Julia Robinson Mathematics Festival
- Abbreviation: JRMF
- Founder: Nancy Blachman
- Location: c/o SEE, 23564 Calabasas Road, Suite 201, Calabasas, CA 91302;
- Coordinates: 34°09′25″N 118°38′25″W﻿ / ﻿34.1568427505449°N 118.64036832883595°W
- Key people: Nancy Blachman, Founder Daniel Kline, Executive Director
- Website: jrmf.org

= Julia Robinson Mathematics Festival =

Educational organization in California, US

The Julia Robinson Mathematics Festival (JRMF) is an educational organization that sponsors locally organized mathematics festivals and online webinars targeting K–12 students. The events are designed to introduce students to mathematics in a collaborative and non-competitive forum.

==History==
In the 1970s, Saint Mary's College of California produced a mathematics contest that was popular with secondary schools throughout the San Francisco Bay Area. In 2005, Nancy Blachman attended an education forum sponsored by the Mathematical Sciences Research Institute (MSRI) and remembered how the Saint Mary's contest had inspired her as a student. Unfortunately, the contest no longer existed. Seeking to possibly resurrect the contest, Blachman and MSRI development director Jim Sotiros reached out to colleagues in the educational community. One response was from local high school math teacher Joshua Zucker, who also remembered the contest and even had saved a book of problems from it. Sotiros suggested that Blachman and her husband David desJardins fund MSRI in order to hire Zucker to recreate a program in the style of the Saint Mary's Math Contest. Blachman and Zucker became co-founders and organized their first event in 2007. They called it a festival rather than a contest because they wanted to emphasize collaboration, creativity and fun rather than competition. They named the festival after Julia Robinson, a mathematician renowned for her contributions to decision problems. In fact, her work on Hilbert's 10th problem played a crucial role in its ultimate resolution. Blachman felt that such a woman would provide a role model for young girls and would show that one need not be male to be a great mathematician.

When they sent out invitations to local schools, the response was so overwhelming that, in order to have enough space, they prevailed upon Google in nearby Mountain View to host the first festival.
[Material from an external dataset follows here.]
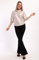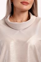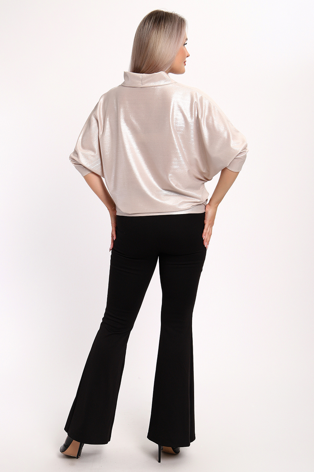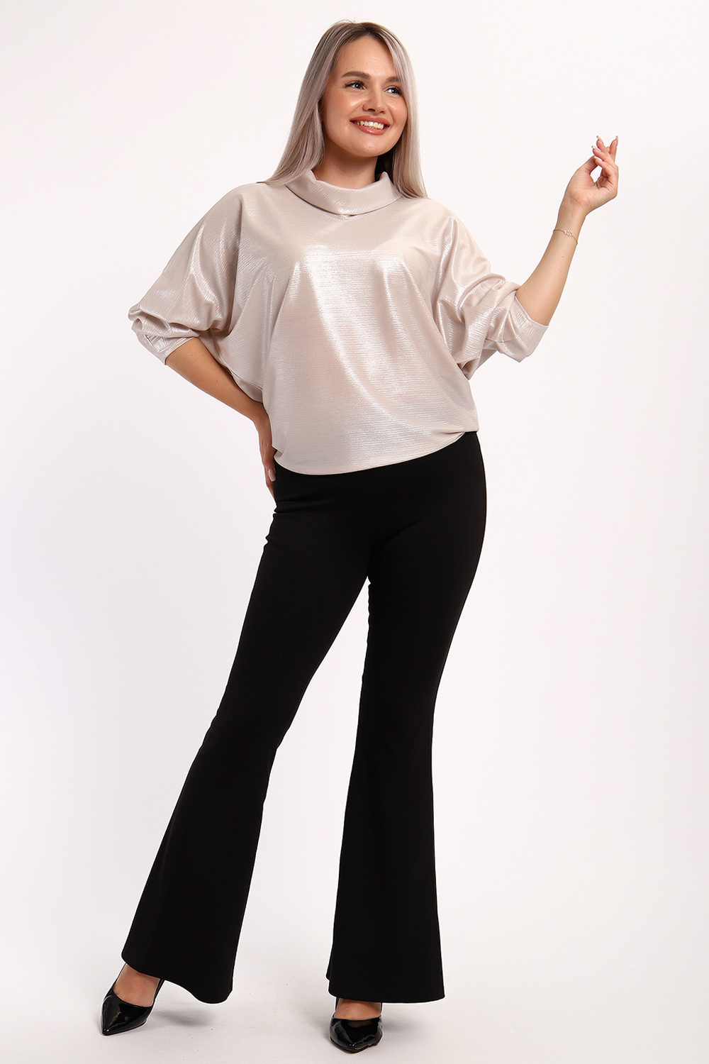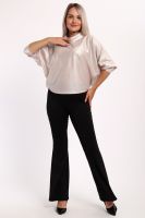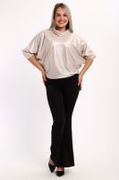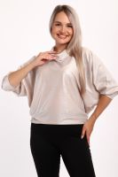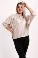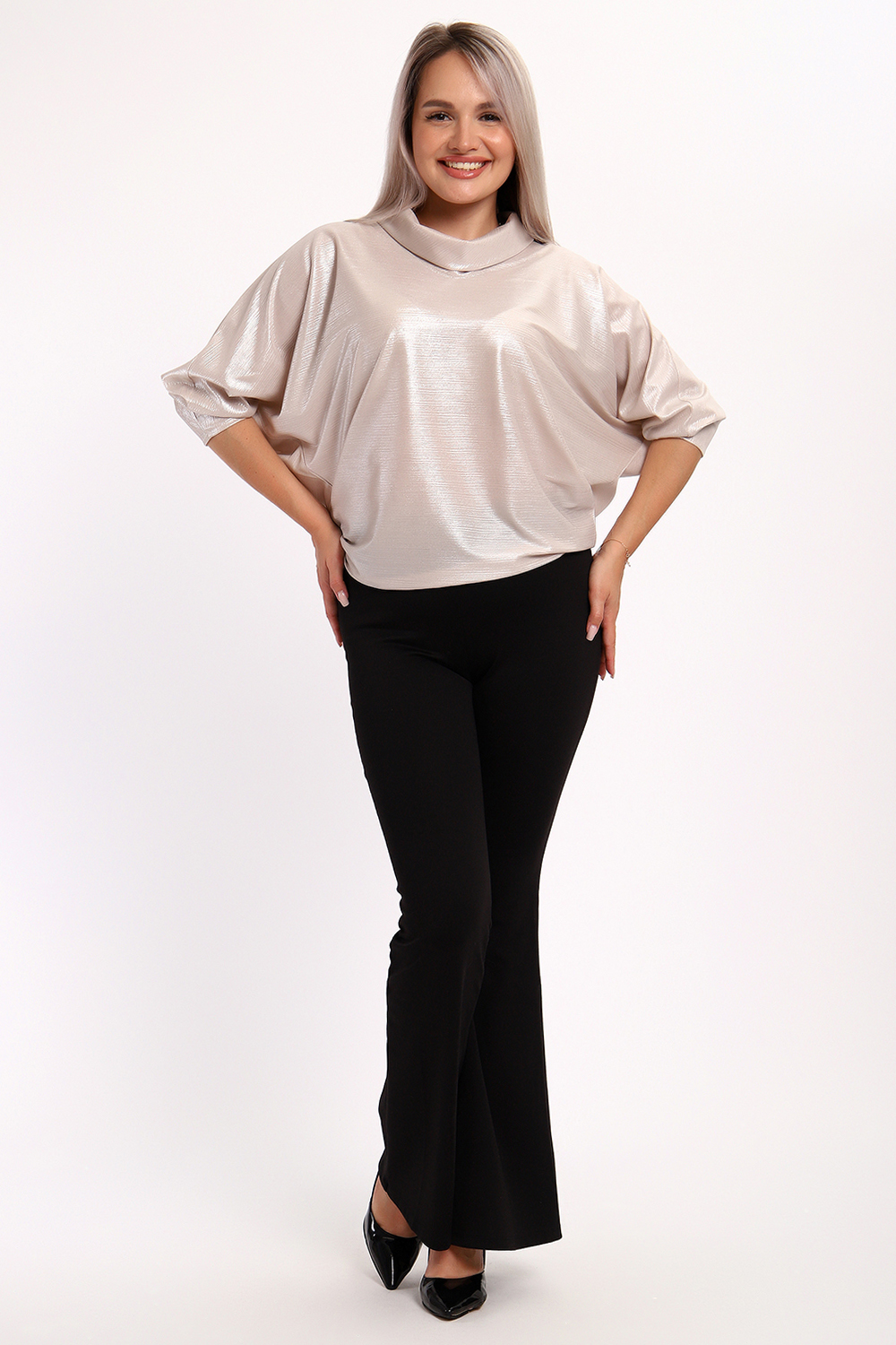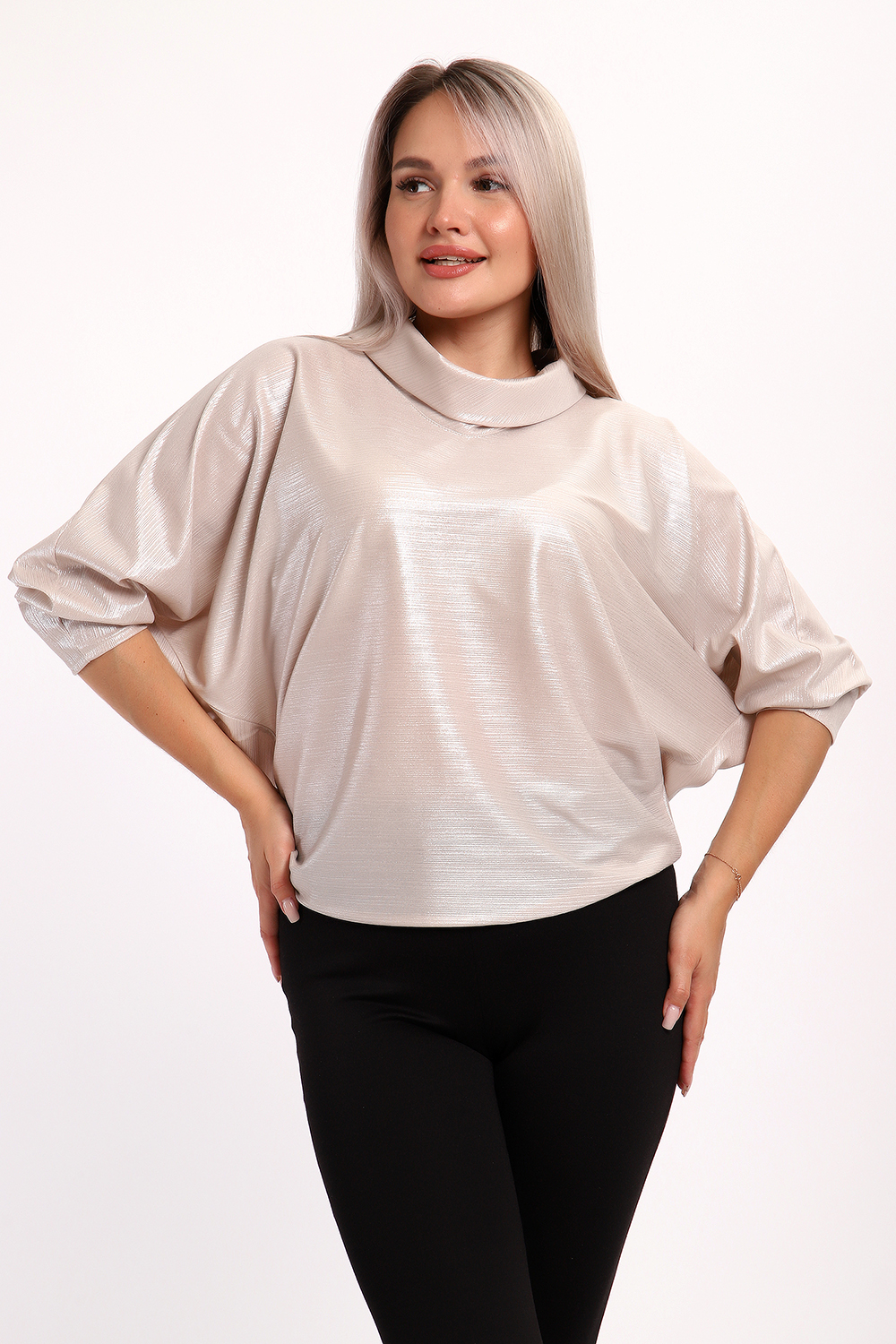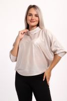 Нарядная и эффектная блузка из ткани шифон- металлик. Ткань тонкая, слегка прозрачная, имеет красивый металлический блеск, переливаясь на складках изделия, не мнется и отлично драпируется. Свободный крой и рукав "летучая мышь" делает эту блузку универсальной, подходящей на любую фигуру. Длина рукава 3/4, воротник- хомут придает женственности образу. Блузка слегка заужена к низу, чтобы на бедрах образовался напуск. С помощью этой блузки можно создать и праздничный, и деловой, и повседневный образ, комбинировать с юбкой и брюками. Широкий размерный ряд - с 48 по 62 размеры. Рекомендуем стирать изделие в режиме бережной стирки или вручную.

A second festival was hosted in 2008 by Pixar Animation Studios in Emeryville. Enthusiasm and interest have spurred strong growth, and since then, there have been festivals at Princeton University (and its greater community); Stanford University; and University of California, Berkeley, and throughout the United States, as well as in Europe and Asia.

As of December 2019, JRMF will have hosted nearly 500 events in 25 states, the District of Columbia, one territory (Puerto Rico), and 15 foreign countries. In 2020, they hosted over 120 Festivals—an increase of more than 50% over 2018. The services JRMF offer continue to be free of charge. The Julia Robinson Mathematics Festival has been invited to host festivals and tables at events such as the Joint Mathematics Meeting and MAA Mathfest. In December 2019, they celebrated Julia Robinson's 100th birthday with a festival in her hometown.

==Programming==

The Julia Robinson Mathematics Festival has hosted festivals in over 15 countries and 25 states and territories.

===COVID-19 Response===

In order to help families cope with COVID-19, the Julia Robinson Mathematics Festival, under the leadership of Hector Rosario, launched the JRMF Webinar Series on March 26, 2020. In this weekly series, they explore an activity that they use at their festivals. In order to serve the national and international communities, they host three sessions of the same seminar every Thursday, from 7 AM to 7 PM EDT, in three languages - English, Spanish and Hebrew. Participants from the US, Europe, Asia, Africa and the Middle East come to attend. Many community members and volunteers have joined the JRMF team as facilitators to lead breakout rooms in order to provide closer attention to each participant for learning and brainstorming.

==Support==
Since its founding, JRMF has had the support of many people and organizations, including dedicated mentors and volunteers, the founding host MSRI, and the American Institute of Mathematics (AIM), which has been a fiscal sponsor since 2013. JRMF has also frequently partnered with various educational, corporate, and mathematical organizations including The National Association of Math Circles, The National Museum of Mathematics, ThinkFun, and Gathering 4 Gardner (G4G). Among The "Friends of JRMF" are David Eisenbud, Gary Antonick, Peter Norvig, Vi Hart, and Megan Smith.